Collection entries
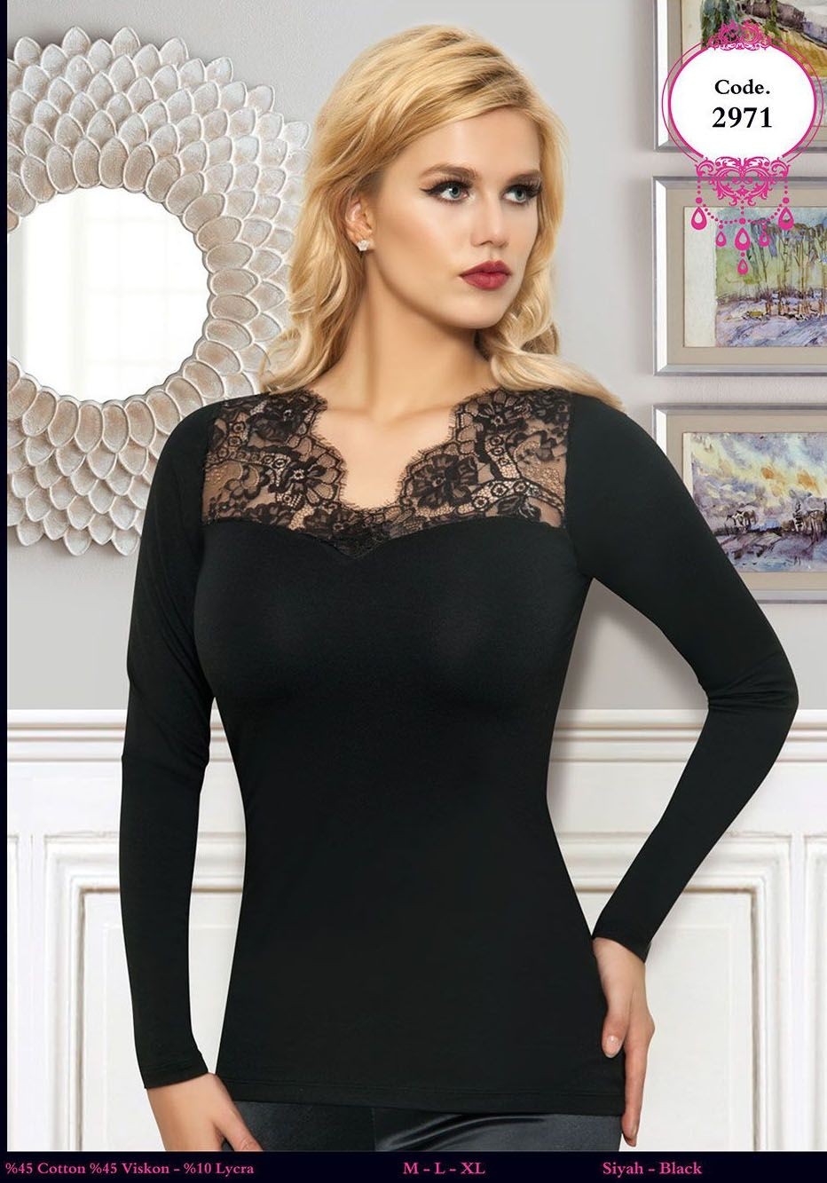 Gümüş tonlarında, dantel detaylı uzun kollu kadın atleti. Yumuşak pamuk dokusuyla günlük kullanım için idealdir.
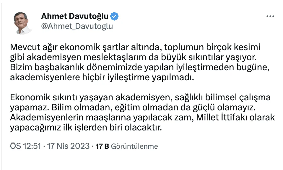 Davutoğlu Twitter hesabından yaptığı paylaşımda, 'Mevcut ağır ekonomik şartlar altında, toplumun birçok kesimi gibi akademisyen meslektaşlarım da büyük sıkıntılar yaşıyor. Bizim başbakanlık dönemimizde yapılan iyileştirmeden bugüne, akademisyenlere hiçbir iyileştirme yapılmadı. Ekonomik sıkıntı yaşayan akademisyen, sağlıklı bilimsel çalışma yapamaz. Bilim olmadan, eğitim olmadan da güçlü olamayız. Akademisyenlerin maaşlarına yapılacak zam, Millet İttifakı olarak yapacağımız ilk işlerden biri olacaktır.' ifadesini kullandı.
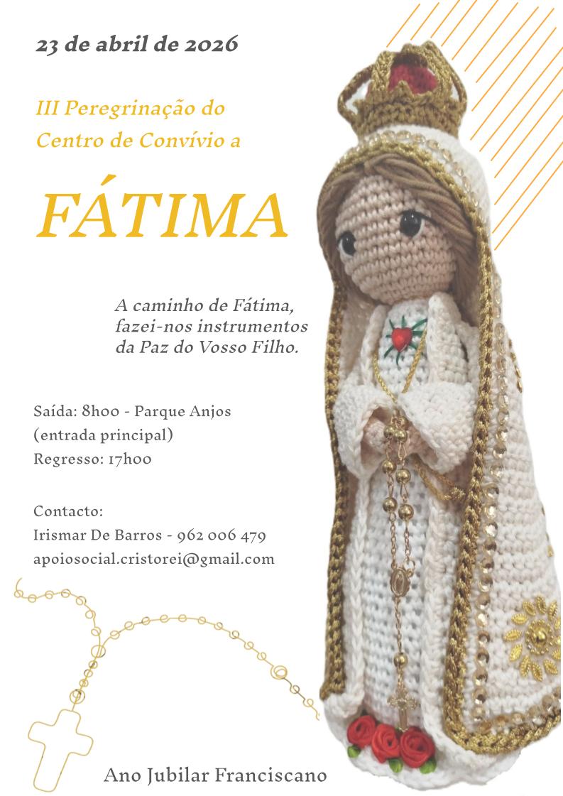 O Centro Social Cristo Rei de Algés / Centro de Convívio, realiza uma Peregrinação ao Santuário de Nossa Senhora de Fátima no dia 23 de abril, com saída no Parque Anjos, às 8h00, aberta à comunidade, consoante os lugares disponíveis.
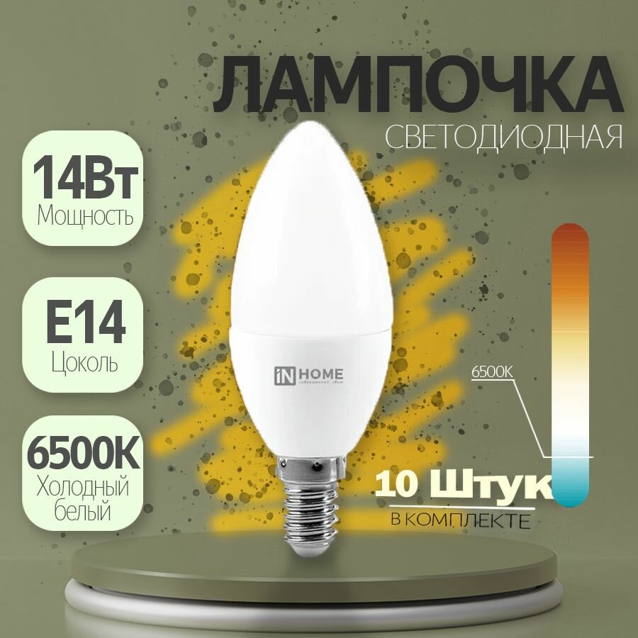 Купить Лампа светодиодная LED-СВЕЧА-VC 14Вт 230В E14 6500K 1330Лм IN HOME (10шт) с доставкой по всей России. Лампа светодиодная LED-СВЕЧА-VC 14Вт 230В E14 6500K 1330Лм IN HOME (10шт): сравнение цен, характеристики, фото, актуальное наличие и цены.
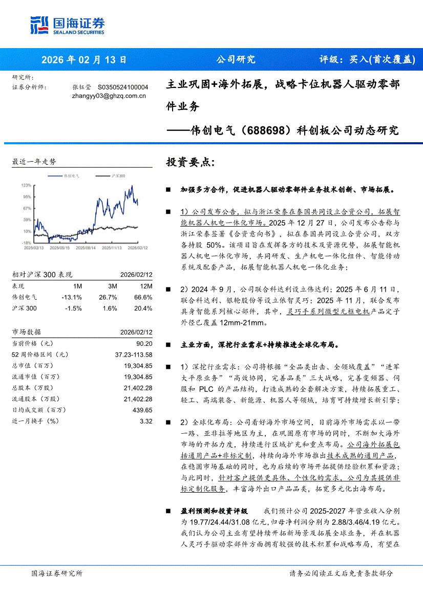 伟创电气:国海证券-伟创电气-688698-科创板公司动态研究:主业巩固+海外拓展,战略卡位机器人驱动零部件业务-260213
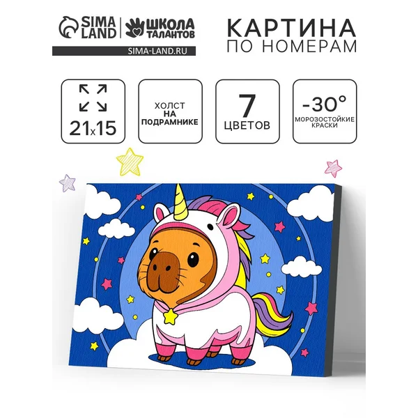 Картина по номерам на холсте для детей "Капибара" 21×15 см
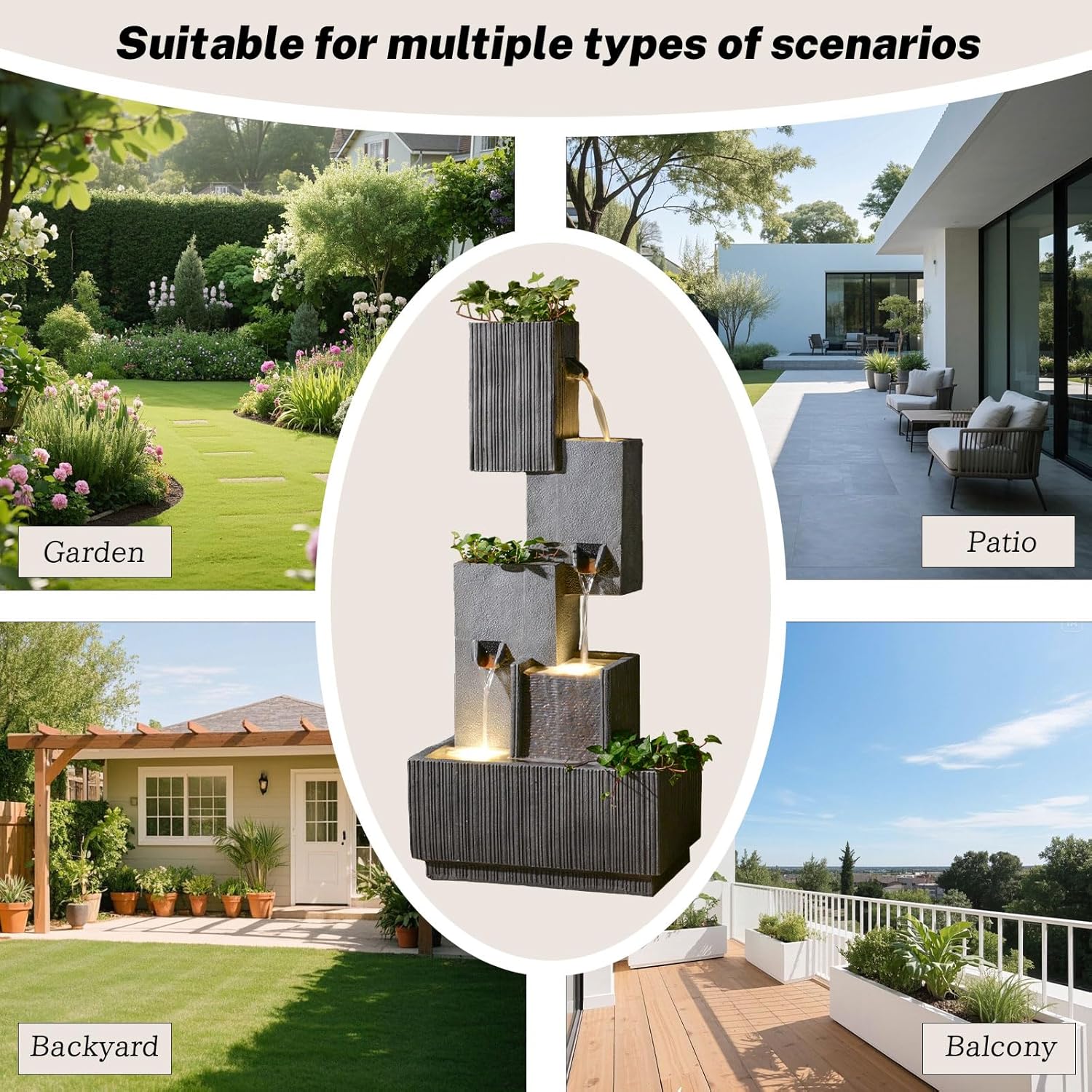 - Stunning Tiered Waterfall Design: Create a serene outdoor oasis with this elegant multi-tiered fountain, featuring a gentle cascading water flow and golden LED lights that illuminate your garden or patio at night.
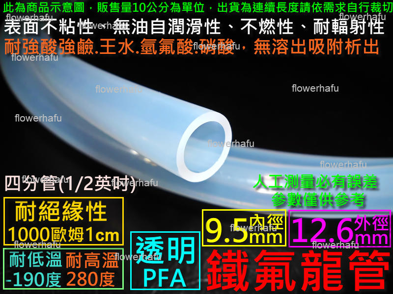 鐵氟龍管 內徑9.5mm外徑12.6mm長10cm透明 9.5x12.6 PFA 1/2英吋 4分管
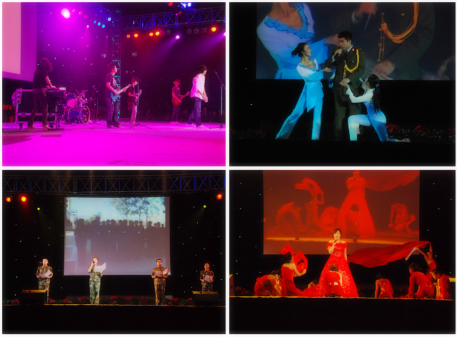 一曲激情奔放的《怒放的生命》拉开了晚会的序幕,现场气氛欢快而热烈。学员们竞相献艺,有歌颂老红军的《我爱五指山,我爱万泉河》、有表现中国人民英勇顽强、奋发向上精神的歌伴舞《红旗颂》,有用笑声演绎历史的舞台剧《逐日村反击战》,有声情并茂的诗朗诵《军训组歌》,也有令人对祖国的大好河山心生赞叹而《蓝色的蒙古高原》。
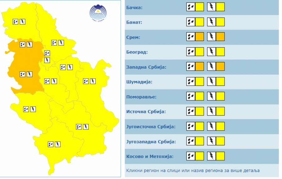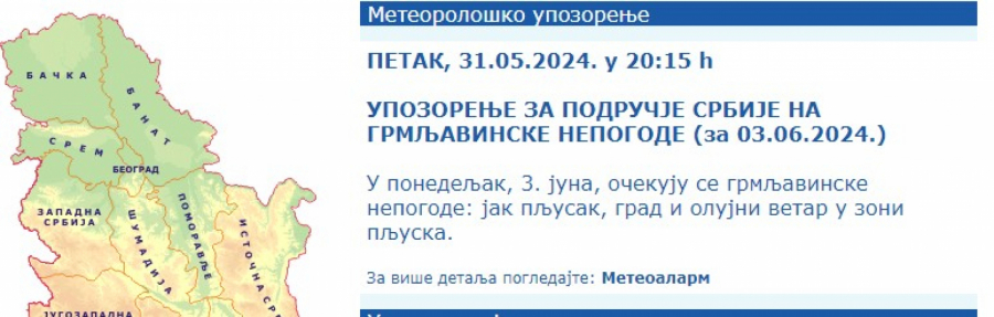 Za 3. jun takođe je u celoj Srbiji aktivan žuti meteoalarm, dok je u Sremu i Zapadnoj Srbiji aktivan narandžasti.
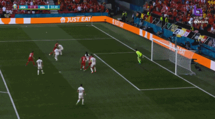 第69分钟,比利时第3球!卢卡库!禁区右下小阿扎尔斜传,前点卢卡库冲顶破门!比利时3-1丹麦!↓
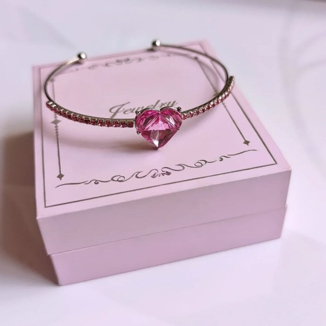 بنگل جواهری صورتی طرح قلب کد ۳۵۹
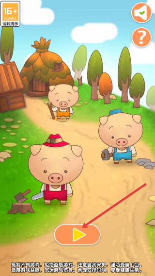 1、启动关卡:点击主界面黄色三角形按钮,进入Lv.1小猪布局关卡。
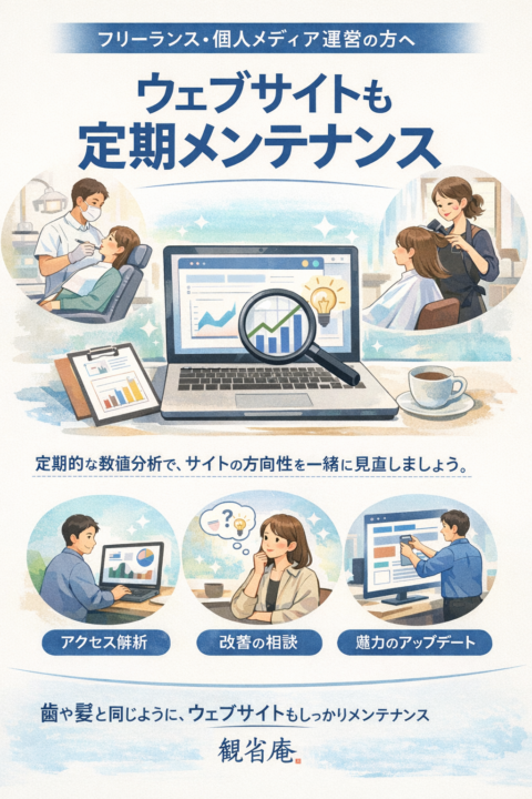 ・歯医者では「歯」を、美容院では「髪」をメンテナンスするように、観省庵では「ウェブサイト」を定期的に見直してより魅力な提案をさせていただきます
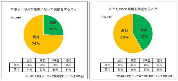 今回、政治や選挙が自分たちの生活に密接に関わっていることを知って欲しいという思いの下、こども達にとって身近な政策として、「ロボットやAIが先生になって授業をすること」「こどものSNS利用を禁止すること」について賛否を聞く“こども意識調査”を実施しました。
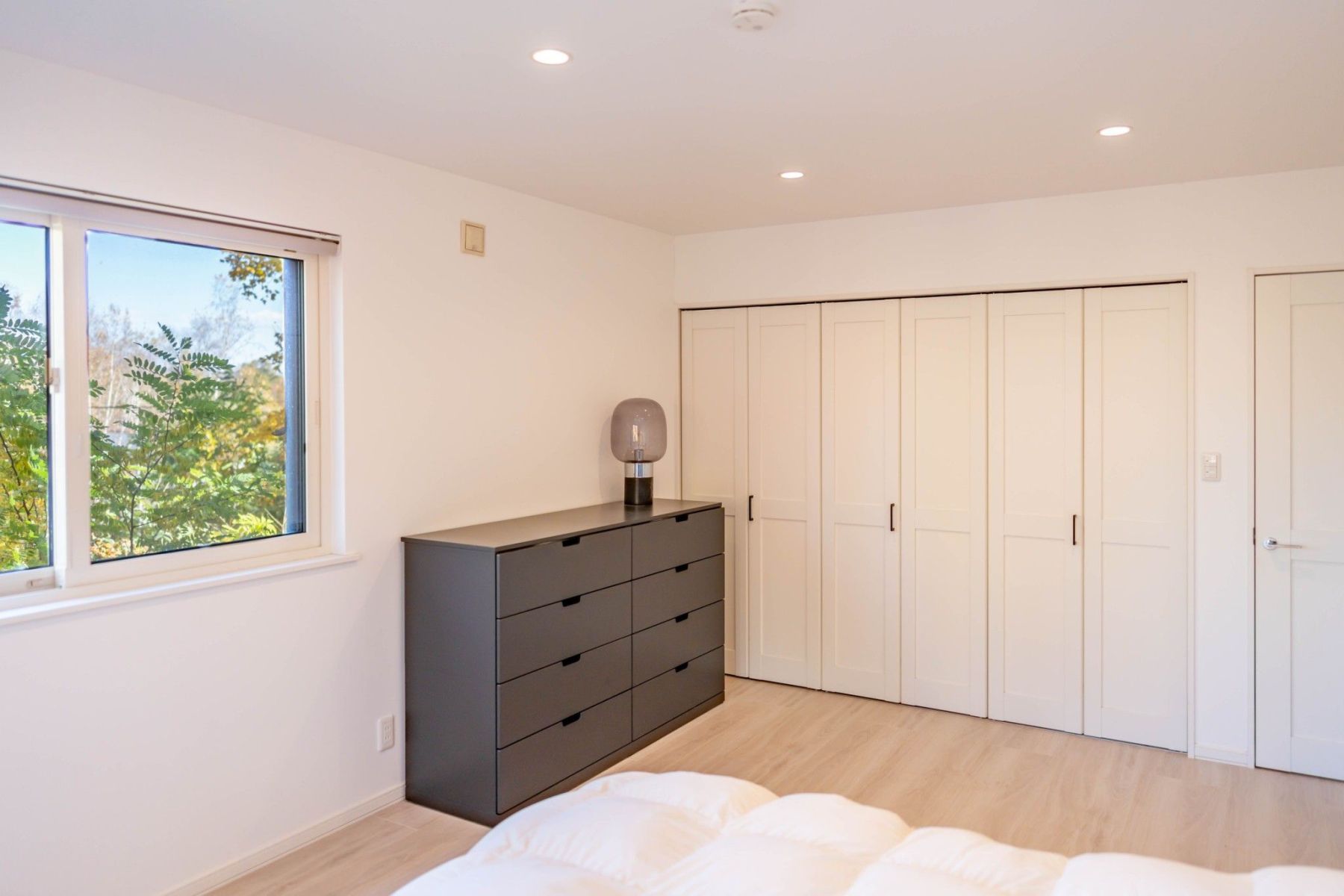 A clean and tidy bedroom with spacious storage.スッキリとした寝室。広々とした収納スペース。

— Instructions to follow —
Set down every record once more, word for word, without pictures.

— Written solution —
 Gümüş tonlarında, dantel detaylı uzun kollu kadın atleti. Yumuşak pamuk dokusuyla günlük kullanım için idealdir.
 Davutoğlu Twitter hesabından yaptığı paylaşımda, 'Mevcut ağır ekonomik şartlar altında, toplumun birçok kesimi gibi akademisyen meslektaşlarım da büyük sıkıntılar yaşıyor. Bizim başbakanlık dönemimizde yapılan iyileştirmeden bugüne, akademisyenlere hiçbir iyileştirme yapılmadı. Ekonomik sıkıntı yaşayan akademisyen, sağlıklı bilimsel çalışma yapamaz. Bilim olmadan, eğitim olmadan da güçlü olamayız. Akademisyenlerin maaşlarına yapılacak zam, Millet İttifakı olarak yapacağımız ilk işlerden biri olacaktır.' ifadesini kullandı.
 O Centro Social Cristo Rei de Algés / Centro de Convívio, realiza uma Peregrinação ao Santuário de Nossa Senhora de Fátima no dia 23 de abril, com saída no Parque Anjos, às 8h00, aberta à comunidade, consoante os lugares disponíveis.
 Купить Лампа светодиодная LED-СВЕЧА-VC 14Вт 230В E14 6500K 1330Лм IN HOME (10шт) с доставкой по всей России. Лампа светодиодная LED-СВЕЧА-VC 14Вт 230В E14 6500K 1330Лм IN HOME (10шт): сравнение цен, характеристики, фото, актуальное наличие и цены.
 伟创电气:国海证券-伟创电气-688698-科创板公司动态研究:主业巩固+海外拓展,战略卡位机器人驱动零部件业务-260213
 Картина по номерам на холсте для детей "Капибара" 21×15 см
 - Stunning Tiered Waterfall Design: Create a serene outdoor oasis with this elegant multi-tiered fountain, featuring a gentle cascading water flow and golden LED lights that illuminate your garden or patio at night.
 鐵氟龍管 內徑9.5mm外徑12.6mm長10cm透明 9.5x12.6 PFA 1/2英吋 4分管
 一曲激情奔放的《怒放的生命》拉开了晚会的序幕,现场气氛欢快而热烈。学员们竞相献艺,有歌颂老红军的《我爱五指山,我爱万泉河》、有表现中国人民英勇顽强、奋发向上精神的歌伴舞《红旗颂》,有用笑声演绎历史的舞台剧《逐日村反击战》,有声情并茂的诗朗诵《军训组歌》,也有令人对祖国的大好河山心生赞叹而《蓝色的蒙古高原》。
 Za 3. jun takođe je u celoj Srbiji aktivan žuti meteoalarm, dok je u Sremu i Zapadnoj Srbiji aktivan narandžasti.
 第69分钟,比利时第3球!卢卡库!禁区右下小阿扎尔斜传,前点卢卡库冲顶破门!比利时3-1丹麦!↓
 بنگل جواهری صورتی طرح قلب کد ۳۵۹
 1、启动关卡:点击主界面黄色三角形按钮,进入Lv.1小猪布局关卡。
 ・歯医者では「歯」を、美容院では「髪」をメンテナンスするように、観省庵では「ウェブサイト」を定期的に見直してより魅力な提案をさせていただきます
 今回、政治や選挙が自分たちの生活に密接に関わっていることを知って欲しいという思いの下、こども達にとって身近な政策として、「ロボットやAIが先生になって授業をすること」「こどものSNS利用を禁止すること」について賛否を聞く“こども意識調査”を実施しました。
 A clean and tidy bedroom with spacious storage.スッキリとした寝室。広々とした収納スペース。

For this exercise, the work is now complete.